Really what you are talking about is a change in a snapshot or portion of the risk register. Of course an event (Change in the intensity of or type of stressor on the business assets) will have different degrees of likelihood across the enterprise if they share different mitigation. To me, saying risk to data is like saying risk to the company, there is not enough granularity. Your system characterization for each location’s or function’s intellectual property could and should be very different; HIPAA, PII, Financial, Client vs Internal Data and the list goes on. I do strategic risk at the National and regional level and it still surprises me that some folks think they can look at such a large and diverse group of assets and say the risk is…… Its an amalgamate of the assets of which the enterprise is comprised and not a single piece of analysis.

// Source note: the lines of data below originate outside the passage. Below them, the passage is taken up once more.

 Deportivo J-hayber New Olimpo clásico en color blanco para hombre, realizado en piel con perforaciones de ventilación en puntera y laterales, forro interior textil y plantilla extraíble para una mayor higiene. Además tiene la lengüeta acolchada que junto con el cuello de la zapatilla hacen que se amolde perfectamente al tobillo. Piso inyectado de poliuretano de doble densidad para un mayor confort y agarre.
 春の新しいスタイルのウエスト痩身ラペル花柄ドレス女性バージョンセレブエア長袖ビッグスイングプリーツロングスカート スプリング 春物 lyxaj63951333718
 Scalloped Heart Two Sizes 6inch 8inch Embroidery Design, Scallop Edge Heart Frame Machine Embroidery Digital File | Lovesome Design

Great point Norman and for sure food for thoughts. I am keen to learn more what the COSO supporters think…
Best
Antonio Caldas
http://riskmanagementguru.com
Nice post! Thanks.
Norman, agreed and very insightful. I think this approach can be very useful in bringing forward complex risks (like cyber risks) to the board and/or executive management for deeper discussion. Another role of the risk assessment process is to also assist in deciding which risks relative to each other risks are more important to apply resources to in order to mitigate them. In this instance the relative rankings are important than a value or point, how you achieve this with a range of options might be a challenge.

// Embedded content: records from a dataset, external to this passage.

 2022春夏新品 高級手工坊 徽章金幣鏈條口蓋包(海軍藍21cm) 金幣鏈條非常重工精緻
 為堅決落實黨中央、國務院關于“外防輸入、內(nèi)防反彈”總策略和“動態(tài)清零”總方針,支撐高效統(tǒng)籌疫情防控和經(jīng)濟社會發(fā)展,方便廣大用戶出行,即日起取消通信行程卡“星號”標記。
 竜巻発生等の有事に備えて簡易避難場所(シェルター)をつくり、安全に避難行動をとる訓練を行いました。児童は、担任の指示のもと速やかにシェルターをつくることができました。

Fully agree on the single point vs. range “point” you are making.
However, in a specific risk scenario analysis, it would be important from the onset to specify the asset that is impacted i.e. the range of records. For example, in a particular risk scenario, a threat agent might only get individual records of specific persons one by one, which will slow down the “dump” and increase the probability of detection.
In another scenario, an insider might be involved who has access to a particular range of records. In another case a privileged insider who can access even more records.
In another scenario, one might assume the existence of some zero-day vulnerability which might lead to a dump of all records. The point is that in each scenario the asset (a probable range of records) is changing (and the threat agent) and so does the likelihood of occurrence of a loss event.
To summarize: I would look at the probable range of records as an input into the analysis and not as the resulting risk itself.